I’m insanely superstitious.  Well, it’s not exactly superstition I have.  I don’t exactly know what I have to be honest.  But I get these sensations, you see.  Almost like premonitions.  I’m not bullshitting you here, or trying to make myself sound special – I swear!  But I get these….I don’t know, premonitions.  They come out of nowhere.

For example; many years ago two of my best closest friends bought me a bonsai tree for my birthday.  As soon as I seen it, I got a premonition that when that plant dies, so will our friendship.

I didn’t want to believe it, thought it was ridiculous, and as my way of showing how ridiculous it was, I purposely neglected the plant.  I left it in the care of the spa I worked at.  Out of site, out of mind.
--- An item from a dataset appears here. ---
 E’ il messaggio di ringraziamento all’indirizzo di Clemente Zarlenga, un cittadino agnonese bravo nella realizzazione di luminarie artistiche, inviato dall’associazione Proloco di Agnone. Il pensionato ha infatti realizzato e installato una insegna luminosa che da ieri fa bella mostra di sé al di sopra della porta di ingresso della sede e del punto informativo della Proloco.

Years go by and the plant stayed perfectly alive and healthy.  And I swear to you (again, total no-bullshit here), to the very day it died, guess what?  So did the friendships.  To the very day!
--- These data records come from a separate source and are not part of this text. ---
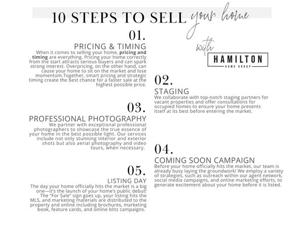 Review our 10 Steps to Selling and complete our Seller Questionnaire so we can prepare a customized market analysis tailored to your home and your goals.
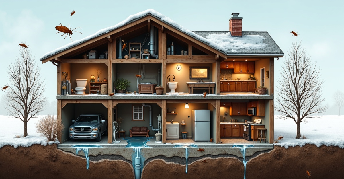• Extra moisture from leaky pipes, melting snow, or poor drainage creates the perfect setting for cockroach activity.
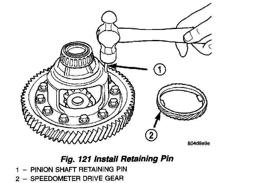 2. Install pinion shaft retaining pin (Fig. 121).
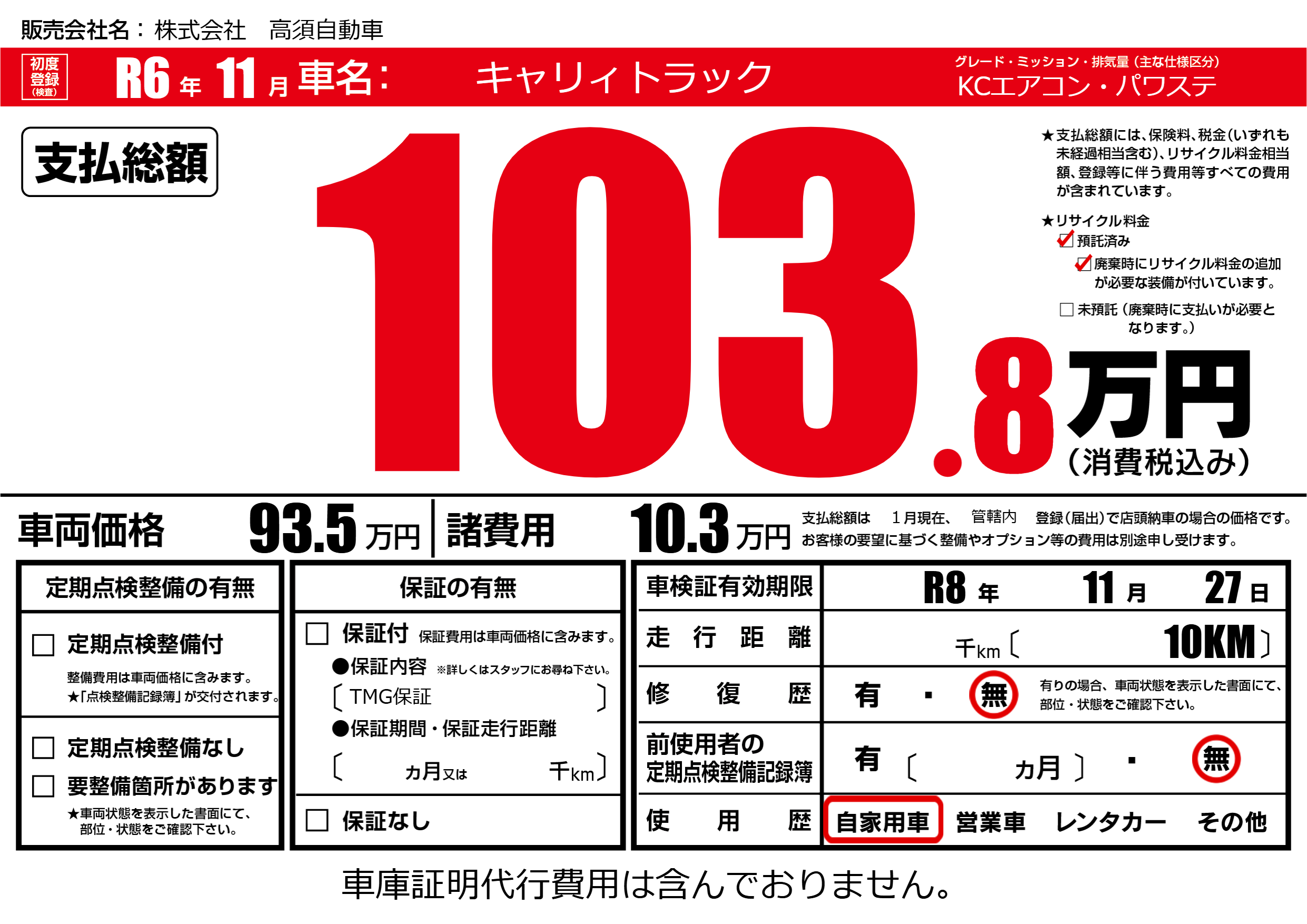 保証なし 保証内容(TMG保証) ---ヶ月または()千kmまで |

“What the fuck.  No fucking way. No no no.”  I said this as I held the discarded plant in my hands.  It died before I knew it was dying.  It died while I wasn’t there.  Someone seen it had died, removed it from the massage room, and left it near or in the sink in the back room where we do laundry.

Why didn’t they just throw it away?  And why, after weeks and months of not working there, did I agree to take a client on that particular day?  A day when my dead plant was there?

As soon as Lorraine handed me the keys to Esmeralda, I felt in my guts that the car will last as long as the keychain.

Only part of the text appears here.